Le gouvernement Couillard s'apprêterait à abandonner le tarif unique dans les garderies et à le moduler en fonction du revenu des parents. On peut déjà prévoir que ce projet, dont mes collègues Denis Lessard et Tommy Chouinard révélaient l'existence hier, provoquera une colossale levée de boucliers.

Cette mesure, relativement anodine, attaque de front un grand principe, celui de l'universalité, selon lequel tous les citoyens ont droit au même service au même prix. C'est l'un des fondements de la social-démocratie à la québécoise, un des piliers du modèle québécois, un symbole sacro-saint de nos belles valeurs de solidarité.

Mais c'est un symbole creux, hypocrite même, que la gauche défend avec passion, par réflexe conditionné, sans se rendre compte qu'elle fait preuve, dans ce dossier, d'incohérence idéologique. Parce qu'on peut facilement démontrer que le principe de l'universalité, en apparence noble, ne favorise pas la justice sociale.

L'essence même de l'universalité est de fournir les mêmes services ou le même niveau d'aide à tous, au même prix, ou gratuitement, comme en santé. Bref, tout le monde est traité de la même façon.

Ce principe a deux effets pervers. D'abord, le gros des fonds d'un programme profitera aux classes moyennes et supérieures, majoritaires dans notre société. Ensuite, l'universalité, par définition, ne mène pas à la redistribution. Puisque tout le monde est traité de la même façon, il n'y a pas de transfert des plus riches vers les plus pauvres.

Dans le cas précis des garderies, le gouvernement québécois, aux prises avec une crise financière, cherche à réduire le coût de ce régime qui lui coûte cher, 2,3 milliards, en augmentant la contribution des parents, actuellement à 363 millions.

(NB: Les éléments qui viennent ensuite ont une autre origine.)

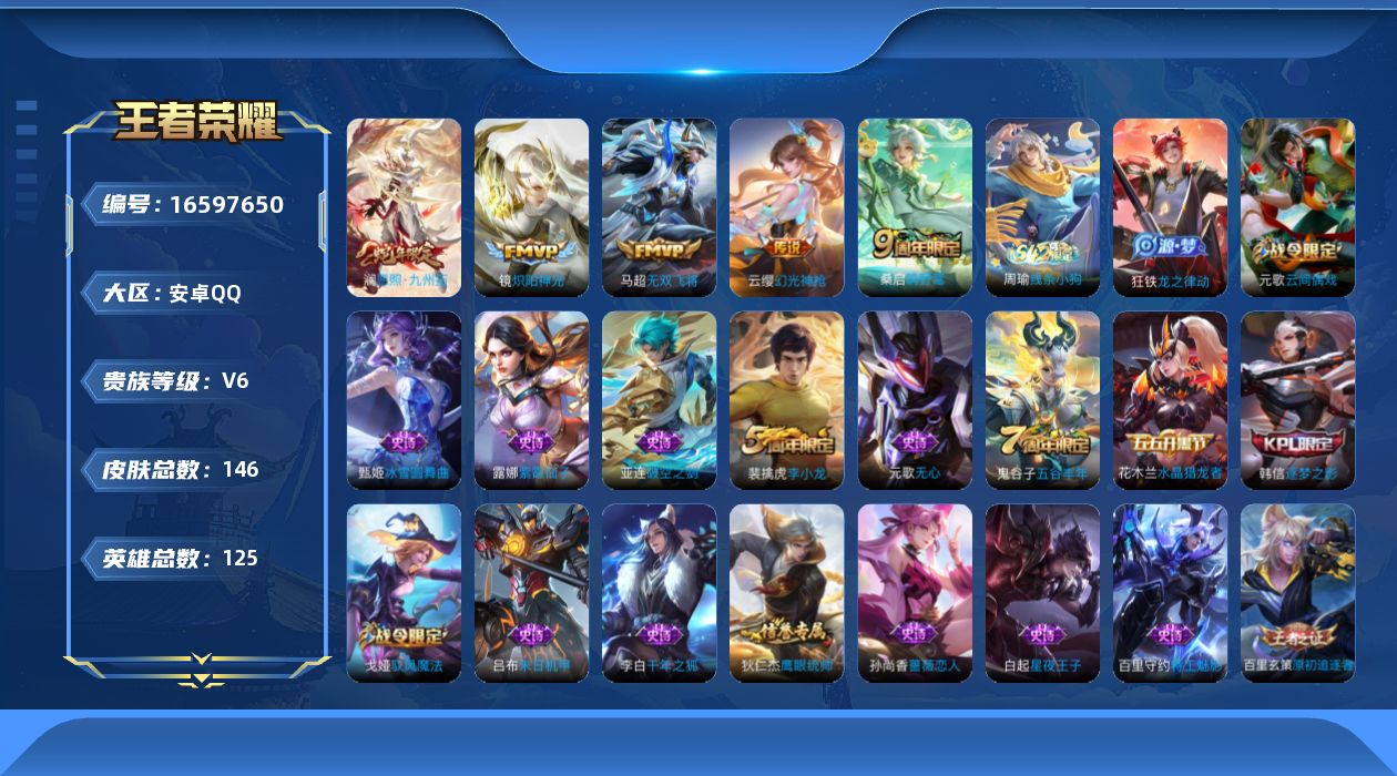[16597650]v6 5传说 125英雄 146皮肤 可修改实名 男号 【英雄全皮】大禹全皮 【稀有英雄】大司命韩信韩跳跳夏洛特夏师傅艾琳橘右京橘子娜可露露鸟人不知火舞赵云金蝉唐僧戈娅 【传说皮】幻光神呛炽阳神光无双飞将 【珍宝阁皮】蔷薇恋人 【赛季/战令皮】噬灭天穹s37古海寻踪s33海盐诗旅s30擒涛扼浪s31探海日志s32驭风魔法玲珑珍味剑破天穹s35天穹祈灯s34青焰无极苍威无极天穹之誓s36疑决卦s19原初探秘者s21万华元夜s22驱傩正仪s24云间偶戏沙漠行僧s26金庭之子s27大漠名商s28云中旅人s29 【史诗皮】龙之律动破空之剑线条小狗-周瑜紫霞仙子苍穹之光特工魅影千年之狐冰冠公主江河有灵末日机甲-吕布节奏热浪水果甜心绅士熊喵星夜王子暗隐猎兽者鬼剑武藏心灵战警水晶猎龙者金属风暴原初追逐者圣诞狂欢鹰眼统帅魅力维加斯无心未来纪元-赵云 【限定皮】愿照·九州拓澜年限鸣野蒿五谷丰年李小龙逐梦之影 【普通皮】谧流熔炉雾都夜雨苍林狼骑星梦巡礼街头霸王功夫炙烤龙舞盛年熔金海岸程咬金群星魔术团暗都幽影破阵·退雄兵铁骨偃魂玫蓝誓约死霸装踏浪烽翎聚星闪耀太极少年妄想特派热血海滩鬼谷子天穹祈灯s34完美运算蔚蓝守将万事如意五福同心龙腾万里归虚梦演-曜海滩丽影海滩派对皇家上将魔术师沉稳之力掌控之力守护之力敏锐之力化身博士炽热元素使纽约教父特工战影圆桌骑士(盾山)乓乓大师万象初新黄金武士次元突破功夫老勺鲨炮海盗猫红桃皇后教廷特使阴阳师汉昭烈帝兔女郎死亡骑士少女阿狸忍·炎影白执事爱心护理救世之瞳白色死神冰雪圆舞曲未来纪元-宫本武藏拳王科学大爆炸阿尔法小队幻乐之宴孤猎修竹墨客灼热之刃幸存者冰刃幻境花见巫女未来旅行龙域领主地府判官福禄兄弟蔷薇王座维京掠夺者激情绿茵赤焰之缨启蛰森极冰防御线魇语军师午夜歌剧院绝影神呛特种部队木偶奇遇记一千零一夜超能战警前尘碧珀绯影无双福将潮玩探月行

En abolissant le tarif unique, il épargne les plus pauvres parce que l'effort additionnel ne sera exigé que de ceux dont les revenus sont plus élevés. On voit mal en quoi cette idée devrait scandaliser des esprits de gauche.

Il y a plein de gens, au Québec, qui peuvent payer plus et qui savent qu'ils feront quand même une bonne affaire. En plus, le mécanisme envisagé, par récupération lors de la déclaration d'impôt, est neutre et évite de créer deux classes de garderies.

Pourquoi alors les mouvements de gauche veulent-ils défendre l'universalité avec autant d'ardeur? Parce que, dans le passé, l'application de ce principe a pu favoriser la justice sociale, comme en santé, où il a donné accès à des soins à des gens qui n'avaient pas les moyens de les payer. Mais aussi parce qu'ils voient l'universalité comme un rempart, une protection contre les menaces qui pèseraient selon eux sur les programmes sociaux.

Mais il est faux de croire que les batailles en faveur de l'universalité sont des batailles pour les démunis. Ce n'est pas le cas. Par exemple, le gel des droits de scolarité avait pour but de favoriser l'accès des moins bien nantis à l'université. Pourtant, les principaux bénéficiaires de la mesure sont les jeunes des classes moyennes et supérieures surreprésentés dans les universités. Même chose pour nos tarifs d'électricité: on les maintient à un niveau bas pour épargner les familles à faibles revenus, mais les principaux bénéficiaires sont les propriétaires de piscines chauffées.

C'est pareil pour les garderies. Ce sont les familles plus à l'aise, dont les deux parents travaillent, qui profitent le plus des services de garde à tarifs réduits, tant et si bien que les enfants de milieux plus modestes sont sous-représentés.

L'autre mission des garderies, celle de fournir aux enfants de milieux défavorisés un environnement d'apprentissage, a ainsi été négligée. S'il y a une vraie bataille de gauche, dans ce dossier, ce n'est pas de s'accrocher au tarif unique, mais de militer pour une plus grande pénétration des services de garde en milieu défavorisé.